President Donald Trump boosted a tweet Monday promoting a controversial allegation from an indicted Ukrainian oligarch: that a top U.S. diplomat put fabricated information about the mogul in a diplomatic cable.

That diplomat happens to be one of Democrats' key impeachment witnesses. And that oligarch happens to have a long-standing beef with Joe Biden.

Scott Adams, a Washington, D.C., talk radio host, sent out a tweet Monday night about U.S. Ambassador to Ukraine Bill Taylor, who delivered some of the impeachment inquiry's most damaging testimony yet. The tweet alleged that Taylor lied about Ukrainian natural gas baron Dmytro Firtash in a cable to State Department headquarters in 2008. At issue was a conversation Taylor had with Firtash in Kyiv that December. Taylor wrote in a diplomatic cable (later published by WikiLeaks) that Firtash told him he had "acknowledged ties to Russian organized crime figure [Semion] Seymon Mogilevich," one of the most notorious accused mobsters on the planet. According to Taylor, Firtash said "he needed Mogilevich's approval to get into business in the first place," but had not committed any crimes in the course of his business.

When WikiLeaks published the cable in 2010, Firtash issued a statement on his website disputing its contents. Firtash, the statement claimed,"has never stated, to anyone, at any time, that he needed or received permission from Mr. Mogilevich to establish any of his businesses."

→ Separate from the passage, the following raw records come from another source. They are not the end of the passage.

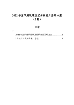 (2篇)2022年党风廉政建设宣传教育月活动方案.docx
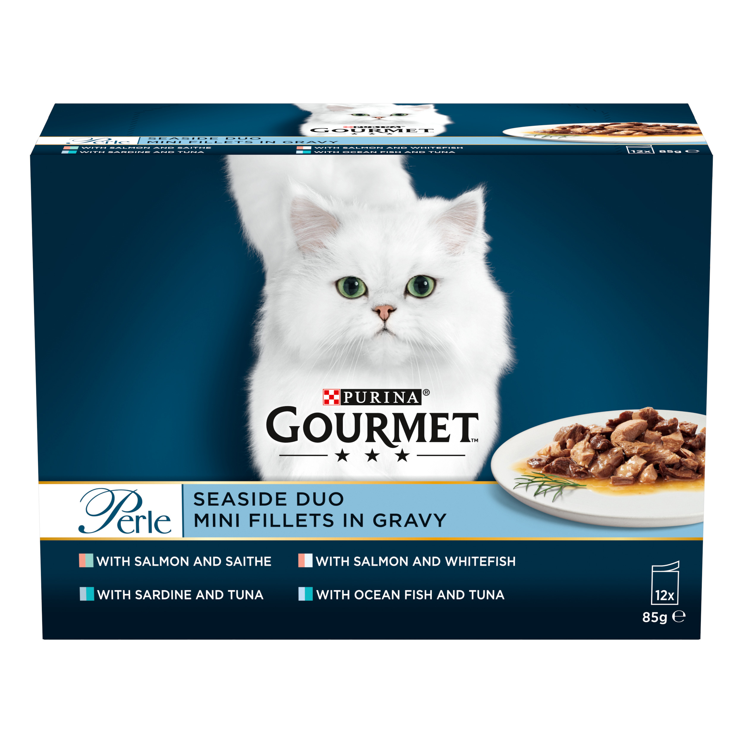 Gourmet Perle Pouches Mixed Mega Pack 96 x 85g - Seaside Duo Mini Fillets in Gravy
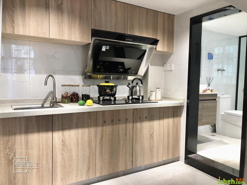 根據(jù)公寓的性質(zhì)以及面積的限制考慮,并沒有選擇做封閉式的廚房,而是設(shè)計了簡單直接的開放式廚房,更適合現(xiàn)代年輕人的生活習(xí)慣,讓空間顯得更加的開闊。
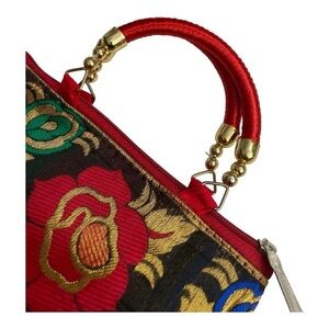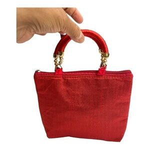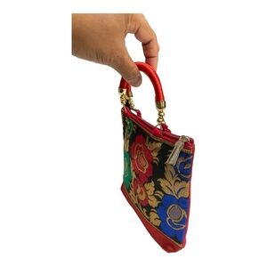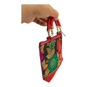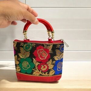 Hand bag raw silk with floral prints small. Asian, colorful, lightweight, cute
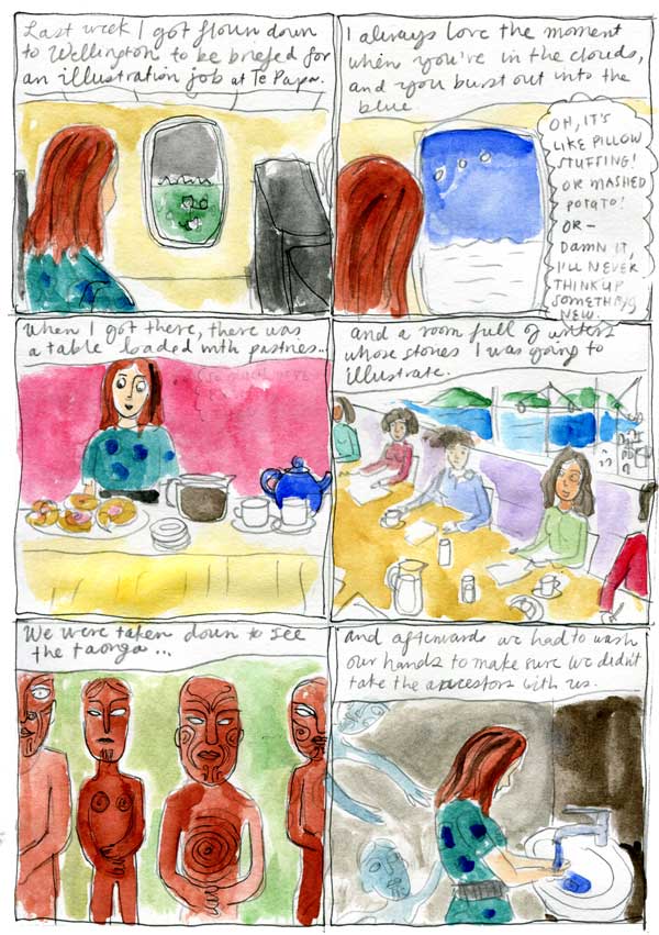 Something exciting happened last week – I got ‘freshly pressed’ by WordPress  – my ‘Night Walking’ comic was selected as a featured post on the WordPress home page. Which means I got a whole pile of international visitors – welcome!! So I probably need to explain what Te Papa is (New Zealand’s National museum) and what the word ‘taonga’ means (treasures).

Earlier this year, Firtash reiterated that defense. Without mentioning any American official by name, he said someone must have fabricated the detail about Mogilevich. Taylor, meanwhile, has defended the State Department's notes.

The Justice Department appears to side with Taylor; its lawyers have argued in court that Firtash has ties to Russian organized crime. The criminal charges he faces, however, don't involve any such alleged relationships. Instead, the Justice Department charged him in 2014 with helming a conspiracy to bribe Indian government officials.

Trump's retweet, however, offers a presidential thumbs-up to Firtash's side of the story, and raises a new line of attack on Taylor's credibility for the president's allies.

Asked about his sourcing for the allegations against Taylor, Adams told The Daily Beast, "My sources are solid Foggy Bottom people." He also noted the explanation for the cable that Firtash provided to The Daily Beast earlier this year.

This specific defense of Firtash took hold in The Hill over the summer, when columnist John Solomon, whose articles informed Rudy Giuliani's Biden-Ukraine investigation, published a piece in July claiming that Special Counsel Robert Mueller's deputy said Firtash's criminal charges in the U.S. might "go away" if he shared damaging information about Trump with Mueller's team. Solomon cited "multiple sources with direct knowledge" and contemporaneous memos. Firtash and Solomon share the same lawyers: Victoria Toensing and Joe diGenova. The husband-wife team are veterans of the conservative movement's most contentious legal battles, with longstanding ties in the Justice Department and Trump administration.